## INPUT MATERIAL
# # # # # # #
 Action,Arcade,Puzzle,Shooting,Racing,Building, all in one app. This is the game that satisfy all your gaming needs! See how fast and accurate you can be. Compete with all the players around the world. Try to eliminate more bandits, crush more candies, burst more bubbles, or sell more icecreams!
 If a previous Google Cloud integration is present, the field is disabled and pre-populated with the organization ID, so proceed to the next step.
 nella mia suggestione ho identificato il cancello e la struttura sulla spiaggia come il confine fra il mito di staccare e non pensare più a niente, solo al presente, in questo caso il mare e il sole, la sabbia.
# # # # # # #
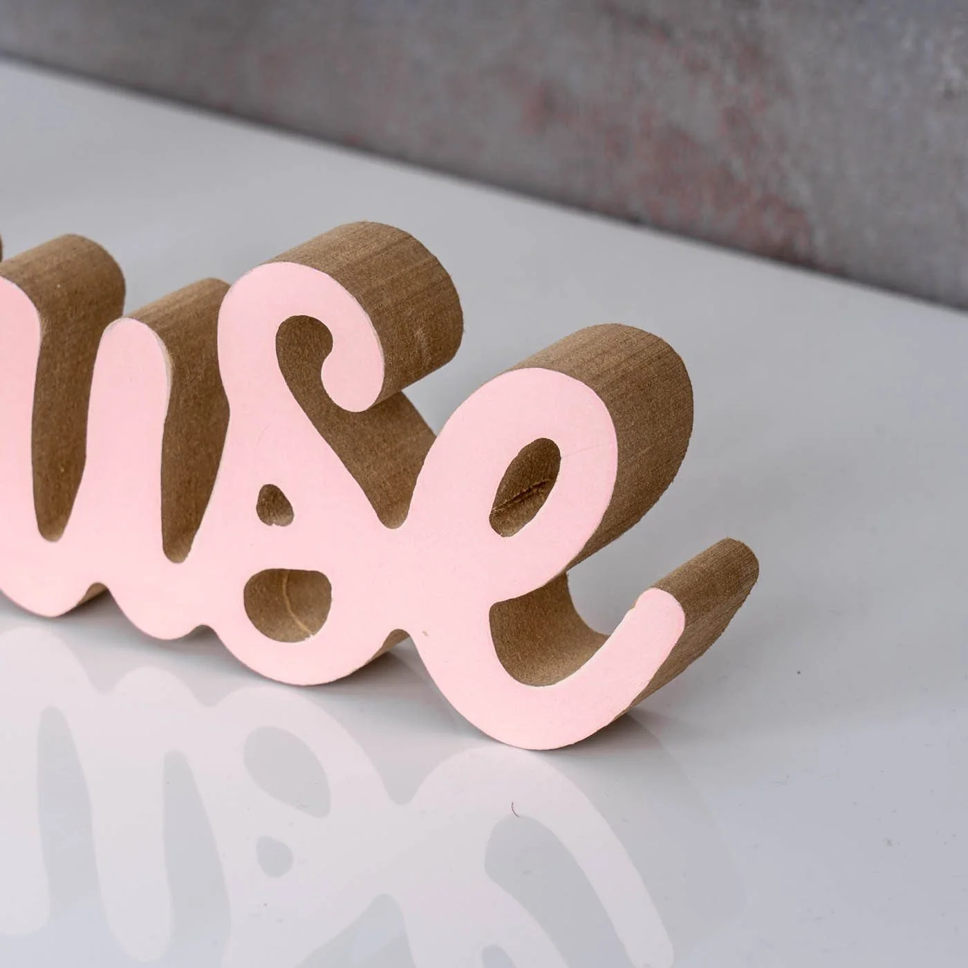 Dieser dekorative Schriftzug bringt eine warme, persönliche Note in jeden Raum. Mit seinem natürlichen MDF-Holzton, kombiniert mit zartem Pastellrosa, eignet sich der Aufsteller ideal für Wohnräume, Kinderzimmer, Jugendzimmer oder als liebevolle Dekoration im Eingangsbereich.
# # # # # # #
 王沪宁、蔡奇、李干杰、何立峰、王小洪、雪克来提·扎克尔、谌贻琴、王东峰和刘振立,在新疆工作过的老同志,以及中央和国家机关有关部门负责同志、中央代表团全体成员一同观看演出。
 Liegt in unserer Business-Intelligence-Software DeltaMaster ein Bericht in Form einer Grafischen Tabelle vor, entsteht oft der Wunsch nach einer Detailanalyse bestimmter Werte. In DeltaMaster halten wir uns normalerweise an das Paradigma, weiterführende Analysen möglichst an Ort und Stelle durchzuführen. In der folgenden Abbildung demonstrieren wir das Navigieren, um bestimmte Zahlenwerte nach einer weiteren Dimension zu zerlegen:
# # # # # # #
## TASK DETAILS
The lines in the records above that include the word "with" must be copied out.

## OUTPUT
 Action,Arcade,Puzzle,Shooting,Racing,Building, all in one app. This is the game that satisfy all your gaming needs! See how fast and accurate you can be. Compete with all the players around the world. Try to eliminate more bandits, crush more candies, burst more bubbles, or sell more icecreams!
 If a previous Google Cloud integration is present, the field is disabled and pre-populated with the organization ID, so proceed to the next step.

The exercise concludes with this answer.